1. Rule 15.D.1 of SJWC's tariffs provides for the opportunity for refunds for costs advanced for distribution mains designed to meet the fire flow requirements set forth in Section VIII of GO 103. Since the costs at issue in this case have been advanced for a distribution main designed to meet, among other things, the fire flow requirements of GO 103, these costs are refundable under Rule 15.

2. In interpreting tariffs, the tariff language must be construed as a whole, and should be given a fair and reasonable construction that avoids absurd results or would render some part of the tariff a nullity.

3. Because Rule 15.D.1 specifically refers to mains designed to meet fire flow requirements, the specific references in section D.1 should prevail over the more general references in Rule 15.A.1.b.

4. Providing WTA the opportunity for refund of a portion of the funds it has advanced for the 16-inch water main is also consistent with the outcome in Humber v. North Gualala Water Co., D.93-09-007, 50 CPUC2d 629.

5. Pursuant to Humber, the Commission required refunds under Rule 15 not only when the extension accomplishes a system upgrade that the utility would be required to make in any event, but also when the extension will within a reasonable time permit service to developers of subsequent projects.

6. To the extent that WTA requests that the main extension agreement between it and SJWC be revised to provide for refund in appropriate circumstances of amounts advanced by WTA for construction of the 16-inch main, the relief requested in the complaint should be granted.

7. To the extent not otherwise agreed to by the parties, the pro-rata amount of the refund should be determined as follows. The refund should be assessed on subsequent commercial users who, by use of the 16-inch main, obtain service that otherwise would not have been available absent the facilities contributed by WTA. The refund should be $13,200 per parcel as the parcels existed at the time of the hearings. If a development includes several parcels then the refund shall be $13,200 multiplied by the number of included parcels.

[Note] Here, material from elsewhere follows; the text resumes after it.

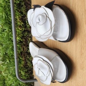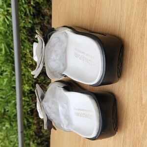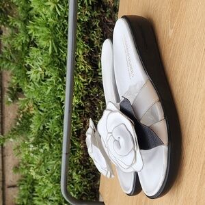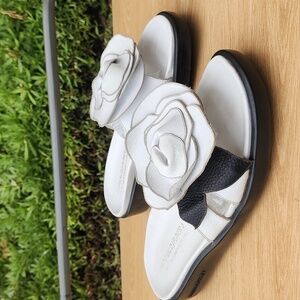 Donald J Pliner French Cactus/White Black Leather Floral Slip-on Sandals Size 9

8. This decision should be made effective immediately so that the parties can promptly revise their main extension agreement.

ORDER

IT IS ORDERED that:

1. The complaint of WTA-Campbell Technology Park, LLC (WTA) against San Jose Water Company (SJWC) is granted insofar as it requests that refund provisions be included in the main extension agreement which SJWC prepared for service to WTA's property.

2. SJWC shall, within 30 days of the effective date of this decision, deliver a revised main extension agreement to WTA containing refund provisions substantially as follows: For a period of 10 years following completion of a 16-inch main to service WTA's Campbell Technology Park development, SJWC shall refund a pro-rata amount, reasonably determined, assessed on subsequent commercial users that obtain service through the 16-inch main that otherwise would not have been available absent the facilities contributed by WTA.

3. Subsequent refunds to WTA by SJWC, based on the refund provisions of the main extension agreement as revised pursuant to Ordering Paragraph 2, shall be determined as follows: unless otherwise mutually agreed to by SJWC and WTA, the pro-rata amount of the reasonably determined refund shall be $13,200 per parcel as the parcels existed at the time of the hearings. If a development includes several parcels, the refund shall be $13,200 multiplied by the number of included parcels.

4. Case 00-03-004 is closed.

This order is effective today.

Dated , at San Francisco, California.

4 The Commission prescribes the numbering and content of the rules contained in water utility tariffs. Rule 15 in different utilities' tariffs should not differ except in minor respects. SJWC does not argue that Humber is inapplicable here because SJWC's tariff language somehow differs from the tariff language in Humber. 5 SJWC assumes, as do we, that WTA arrived at $188.63 per frontage foot by dividing the cost of the main ($686,600) by the length of the main (3,640 feet). Assuming that the water main serves both sides of the street, the correct amount, according to SJWC, should be $94.31 per frontage foot.